Explicit Initialization

aither.init(
    api_key="aith_your_api_key",
    base_url="https://aither.computer",
    flush_interval=1.0,
    batch_size=100,
)

API Reference

aither.wrap(model, name, **options) - Recommended

Wrap a model for automatic prediction logging.

tracked = aither.wrap(
    model,                          # Any ML model
    name="fraud_detector",          # Required: model identifier
    version="1.2.3",                # Optional: model version
    environment="production",       # Optional: deployment env
    sample_rows=5,                  # Max rows to sample (default: 5)
    sample_columns=10,              # Max columns to sample (default: 10)
    features_fn=custom_extractor,   # Custom feature extraction
)

# Use the wrapped model normally
result = tracked.predict(X)
result = tracked(X)                 # Also works
probs = tracked.predict_proba(X)    # Also tracked

# Access trace_id for label correlation
trace_id = tracked.last_trace_id
all_trace_ids = tracked.trace_ids   # All predictions

# Access underlying model
tracked.model                       # Original model
tracked.classes_                    # Passthrough to model attributes

aither.log_prediction(...) - Manual Control

For custom pipelines or when you need full control:

trace_id = aither.log_prediction(
    model_name="my_pipeline",
    features={"amount": 150.0, "country": "US"},
    prediction=0.87,
    version="1.2.3",
    environment="production",
)

aither.log_label(trace_id, label)

Log ground truth for a prediction:

aither.log_label(trace_id=trace_id, label=1)

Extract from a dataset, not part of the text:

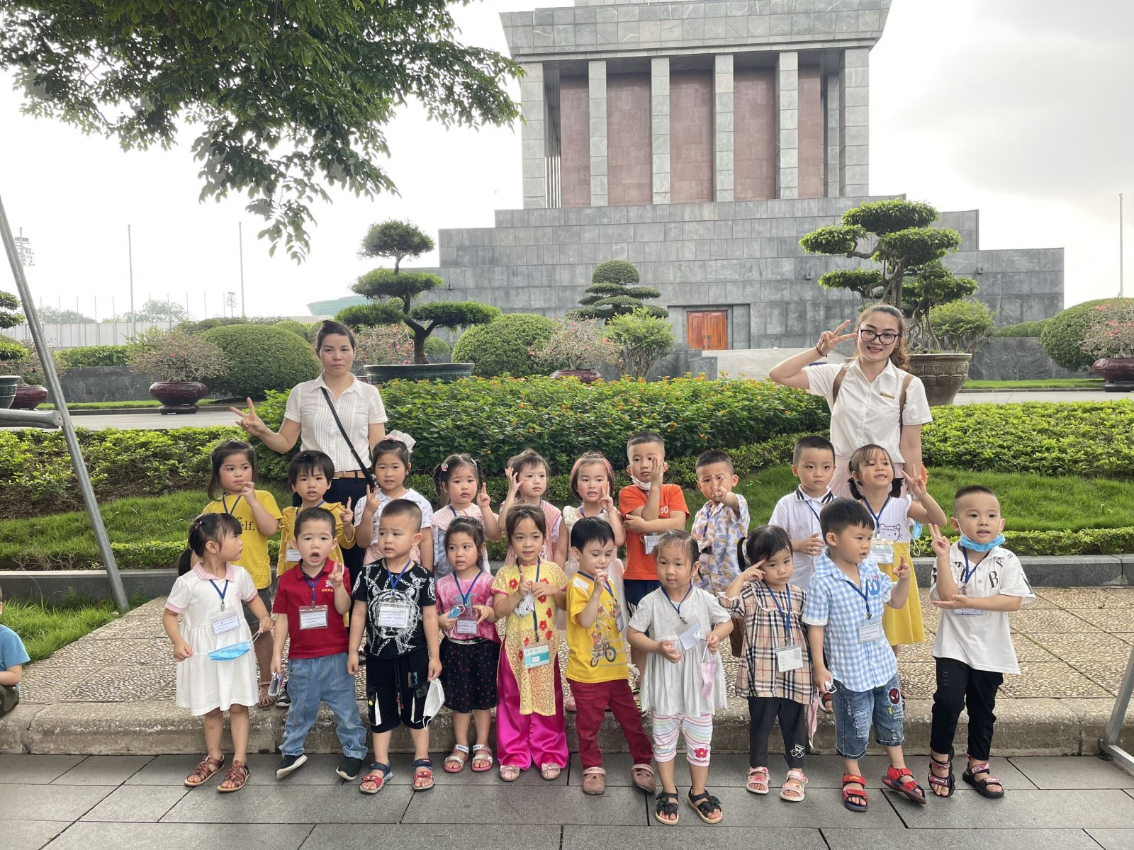 Từ sáng sớm, các bé đã nô nức đến trường thật sớm để chuẩn bị. Bắt đầu 8h00 xe chuyển bánh và 9h00 các bạn nhỏ đã đến được điểm thăm quan đầu tiên là Lăng Bác. Các bạn nhỏ đều rất háo hức và vui mừng được đến thăm lăng bác. Bạn nào bạn đấy đến xếp hàng ngay ngắn lần lượt vào thăm lăng Bác. Qua lời kể của cô giáo, của bố mẹ bạn nào cũng yêu quý Bác Hồ nên vào lăng rất trang nghiêm và giữ trật tự.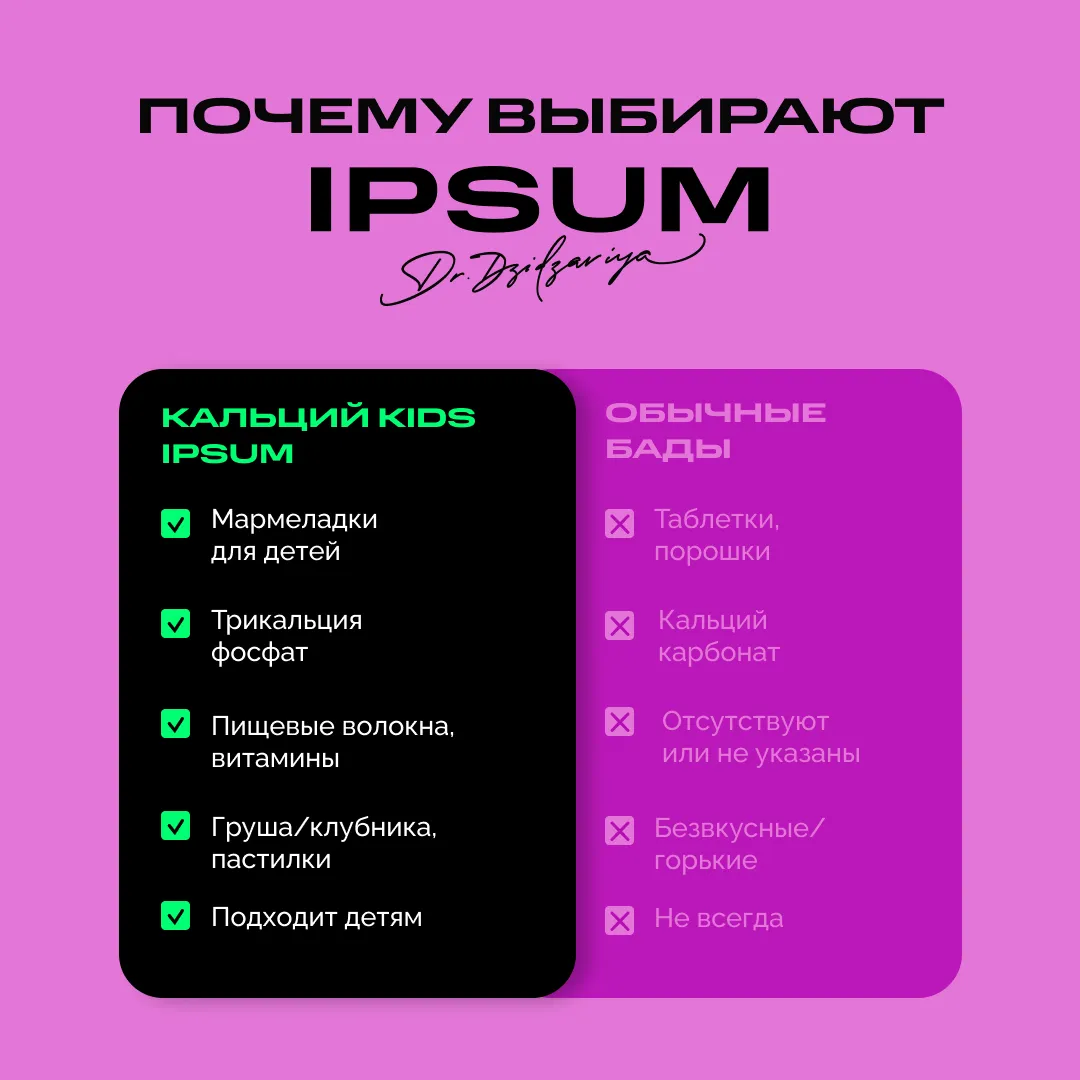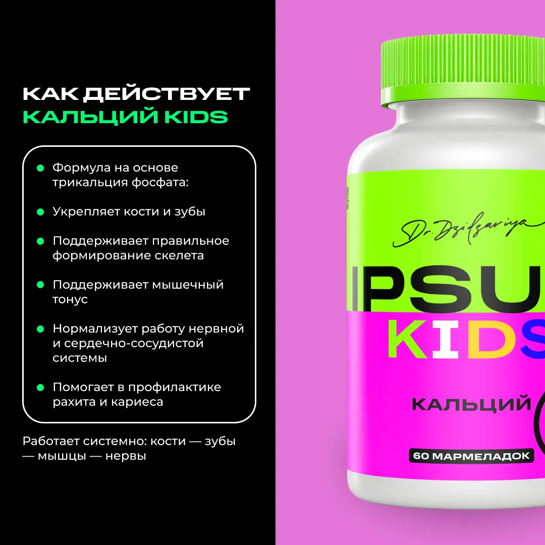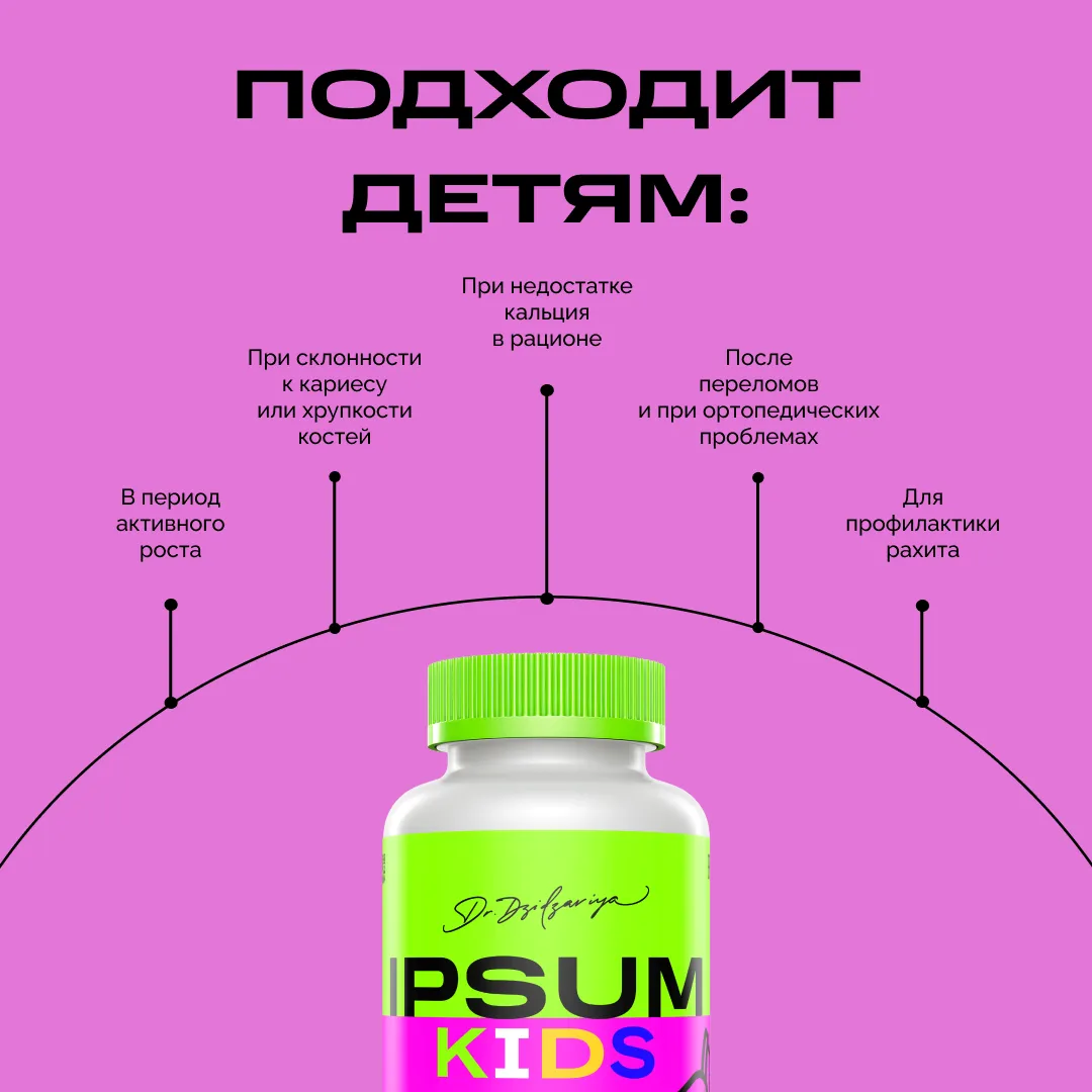 Рост — это настоящее строительство, и кальций здесь главный архитектор. Он укрепляет кости и зубы, помогает мышцам и сердцу работать как часы и создаёт основу для здорового будущего ребёнка. Детский кальций IPSUM — мягкий и вкусный способ дать растущему организму всё необходимое для крепкого скелета, активного тела и счастливых улыбок без кариеса.

@aither.track(name) - Decorator

For functions instead of model objects:

@aither.track("my_function")
def predict(features):
    return model.predict(features)

result = predict(X)
trace_id = aither.last_trace_id()

Feature Extraction

Wrapped models automatically extract features with smart sampling:

# Input: pandas DataFrame with 50,000 rows, 100 columns
# What gets logged:
{
    "sample": [
        {"col1": 1.5, "col2": "A", ...},  # 5 rows
        ...
    ],
    "_meta": {
        "type": "pandas.DataFrame",
        "shape": [50000, 100],
        "columns": ["col1", "col2", ...],
        "dtypes": {"col1": "float64", ...},
        "truncated": True
    }
}

Supported types:

  • numpy arrays
  • pandas DataFrames/Series
  • polars DataFrames/Series
  • torch Tensors
  • tensorflow Tensors
  • dicts (common in transformers)
  • lists

Custom extraction:

def my_extractor(X):
    return {"shape": X.shape, "mean": X.mean()}

tracked = aither.wrap(model, name="m", features_fn=my_extractor)

Usage Patterns

Basic Model Wrapping

import aither
from sklearn.ensemble import RandomForestClassifier

aither.init()

model = RandomForestClassifier().fit(X_train, y_train)
tracked = aither.wrap(model, name="churn_predictor", version="1.0")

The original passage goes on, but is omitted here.